With respect to the claim that the increase in the authorized capital stock was without the consent, expressed or implied,
of the stockholders, it was the finding of the Securities and Exchange Commission that a stockholders' meeting was held
on November 25,1975, presided over by Mr. Ahmad Domocao Alonto, Chairman of the Board of Trustees and, among
the many items taken up then were the change of name of the corporation from Kamilol Islam Institute Inc. to Jamiatul
Philippine-Al Islamia, Inc., the increase of its capital stock from P200,000.00 to P1,000,000.00, and the increase of the
number of its Board of Trustees from five to nine. "Despite the insistence of petitioner, this Commission is inclined to
believe that there was a stockholders' meeting on November 25, 1975 which approved the increase. The petitioner had not
sufficiently overcome the evidence of respondents that such meeting was in fact held. What petitioner successfully
proved, however, was the fact that he was not notified of said meeting and that he never attended the same as he was out
of the country at the time. The documentary evidence of petitioner conclusively proved that he was attending the Mecca
pilgrimage when the meeting was held on November 25, 1975. (Exhs. 'Q', 'Q-14', 'R', 'S' and 'S-l'). While petitioner
doubts the authenticity of the alleged minutes of the proceedings (Exh. '4'), the Commission notes with significance that
said minutes contain numerous details of various items taken up therein that would negate any claim that it was not
authentic. Another thing that petitioner was able to disprove was the allegation in the certificate of increase (Exh. 'E-l')
that all stockholders who did not subscribe to the increase of capital stock have waived their pre-emptive right to do so.
As far as the petitioner is concerned, he had not waived his pre-emptive right to subscribe as he could not have done so
for the reason that he was not present at the meeting and had not executed a waiver, thereof. Not having waived such right
and for reasons of equity, he may still be allowed to subscribe to the increased capital stock proportionate to his present
shareholdings." (pp. 36-37, Rollo)
Well-settled is the rule that the findings of facts of administrative bodies will not be interfered with by the courts in the
absence of grave abuse of discretion on the part of said agencies, or unless the aforementioned findings are not supported
by substantial evidence. (Gokongwei, Jr. vs. SEC, 97 SCRA 78). In a long string of cases, the Supreme Court has
consistently adhered to the rule that decisions of administrative officers are not to be disturbed by the courts except when
the former have acted without or in excess of their jurisdiction or with grave abuse of discretion (Sichangco vs. Board of
Commissioners of Immigration, 94 SCRA 61). Thus, in the case of Deluao vs. Casteel ( L-21906, Dec. 24, 1968, 26
SCRA 475, 496, citing Pajo vs. Ago, et al., L-15414, June 30, 1960) and Genitano vs.

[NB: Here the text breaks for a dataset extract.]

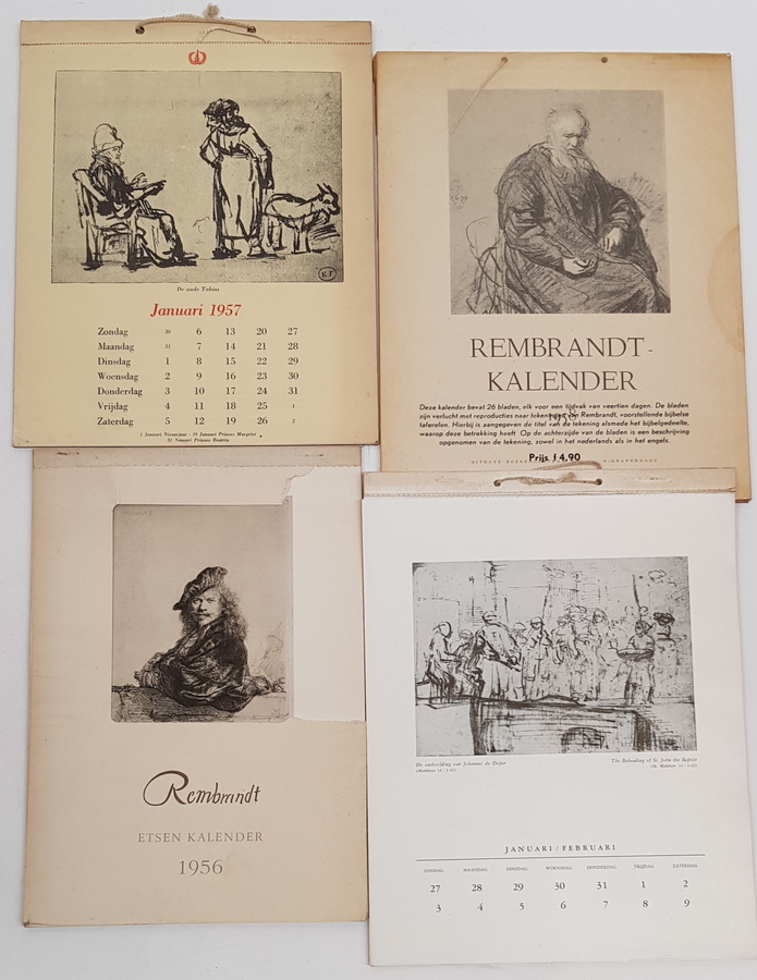 Een uitgebreid lot boeken over Rembrandt. Vele titels over zijn werk, waaronder enkele over zijn kunst met betrekking tot de Bijbel. Hierbij enkele Rembrandt-kalenders. De meeste titels in het Nederlands. [Totaal ruim 30]. |

Secretary of Agriculture and
Natural Resources, et al. (L-2ll67, March 31, 1966), the Supreme Court held that:

... Findings of fact by an administrative board or official, following a hearing, are binding upon the courts and win not be
disturbed except where the board or official has gone beyond his statutory authority, exercised unconstitutional powers or
clearly acted arbitrarily and without regard to his duty or with grave abuse of discretion. ...

ACCORDINGLY, this petition is hereby dismissed for lack of merit.

SO ORDERED.

Plana, Escolin and Gutierrez, Jr., JJ., concur.